Shrinking Black-White Wage Gap Mainly Due to “Tight Labor Market”

A tight labor market is a key feature of what I call a “robustly redundant labor market” in my Openness to Creative Destruction book.

(p. A13) In the early 2000s, the wage gap between Black and white workers in the U.S. was as large as it had been in 1950.

. . .

The wage gap, though still enormous, has shrunk.

. . .

There appear to be three main causes of the recent trend, and the most significant is the country’s tight labor market. The unemployment rate has been falling for most of the past decade and has recently been near its lowest levels since the 1960s.

Tight labor markets help almost all workers, and they tend to help disadvantaged workers the most. As Gould put it, “When employers can’t be quite as choosy — when employers have to look beyond their network — that can provide more opportunities for historically marginalized groups.”

This dynamic helps close the Black-white wage gap because Black workers are overrepresented among low-wage workers. The Hispanic-white wage gap has also declined recently.

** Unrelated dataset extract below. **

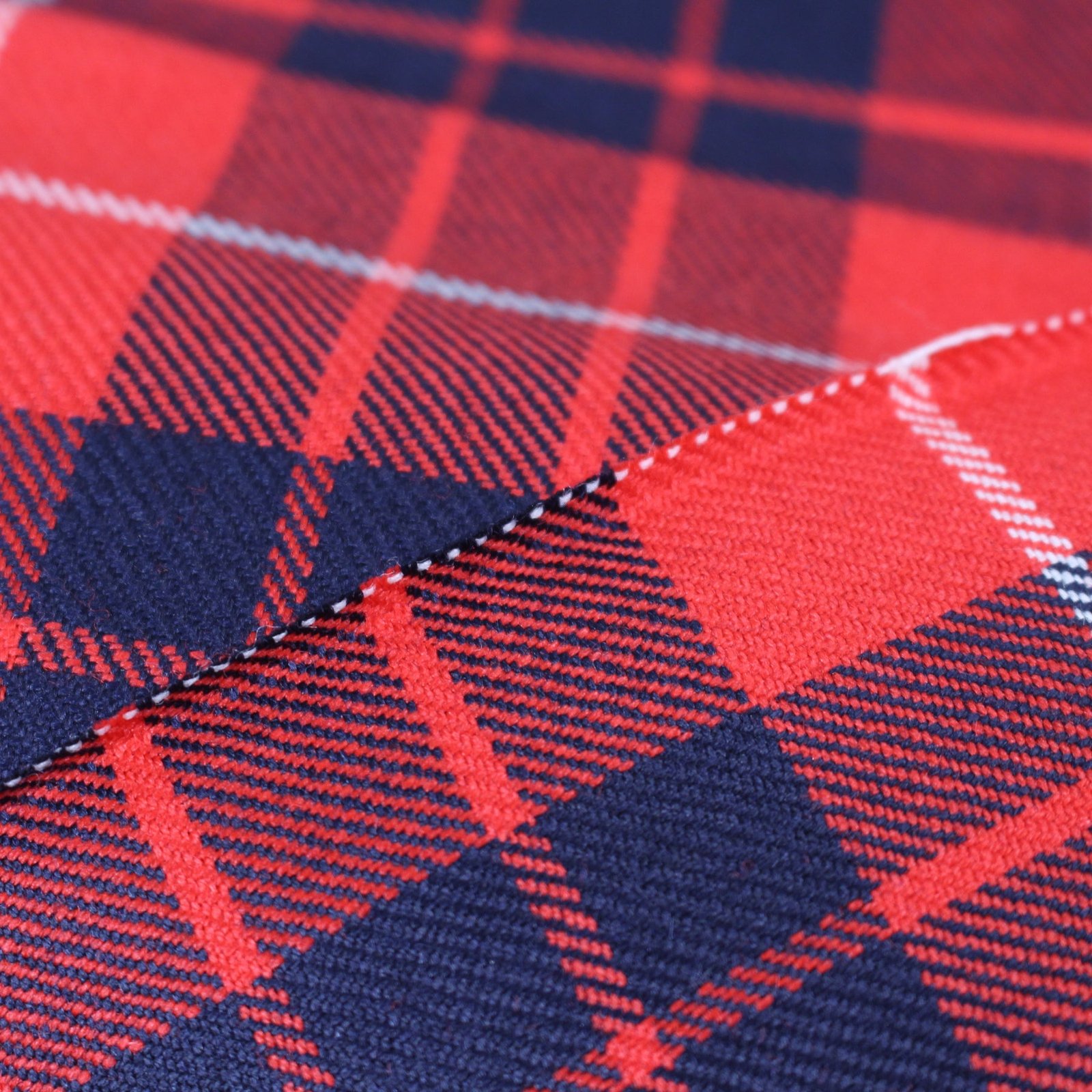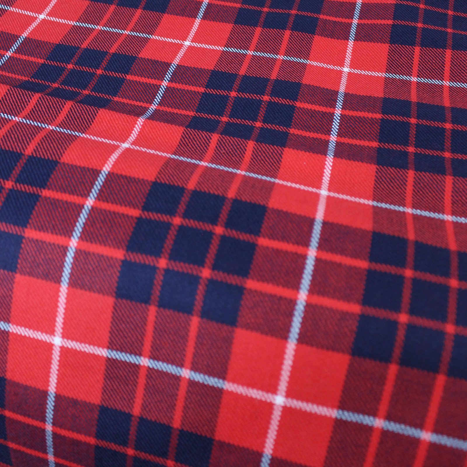 Premium red and navy plaid fabric serves as a core choice for manufacturing high-quality winter bedding and retail apparel. Home Innovators produces this 100% Cotton material using a specialized brushing process to ensure maximum softness for the end user. Furthermore, this striking tartan pattern features a vibrant red base with deep navy blocks and crisp white accents. Consequently, the fabric provides exceptional warmth and a luxurious hand-feel.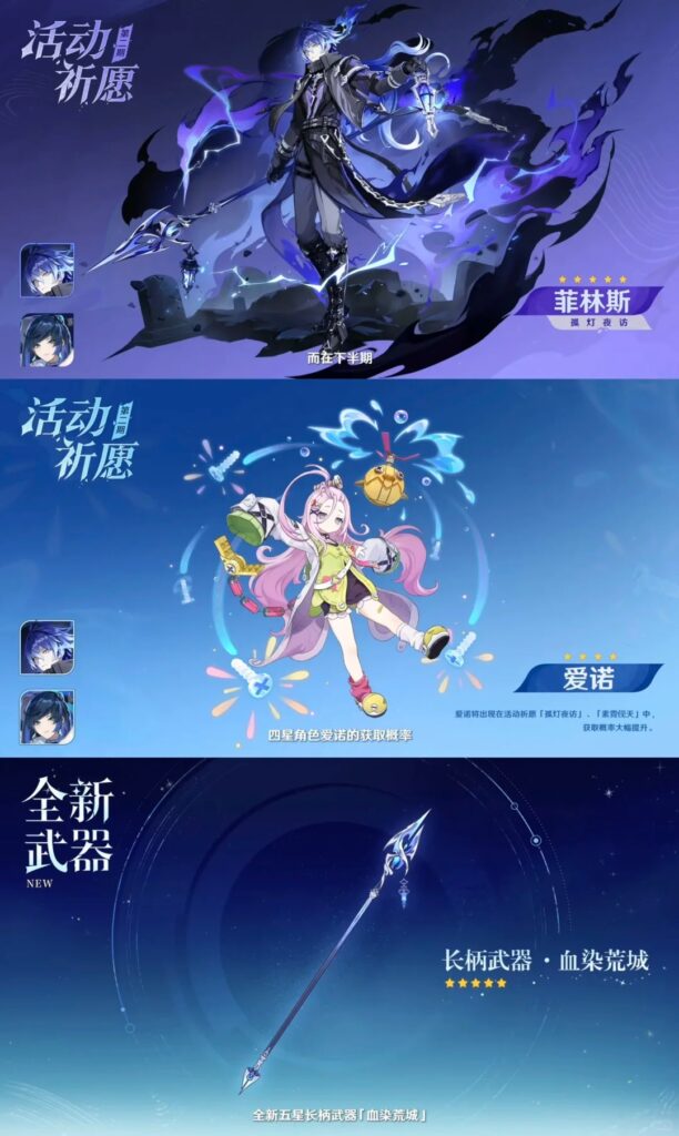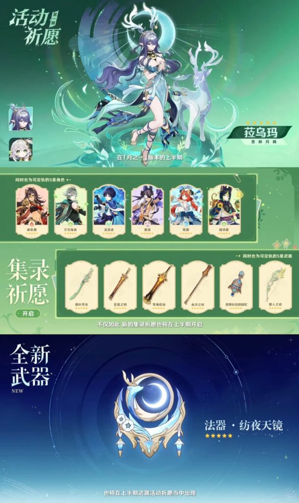 卡池 上半:菈乌玛 +纳西妲+须弥混池 下半:菲林斯+夜兰(爱诺四星水系,剧情和机械对话赠送)

For the full commentary, see:

David Leonhardt. “The Morning; Why There’s Progress, Finally, on Closing the Black-White Pay Gap.” The New York Times (Monday, June 19, 2023): A13.

(Note: ellipses added.)

(Note: the online version of the commentary also has the date June 15, 2023, and has the title “The Morning; The Racial Wage Gap Is Shrinking.” The online version of the passages quoted above includes an illustrative parenthetical sentence that I do not include above.)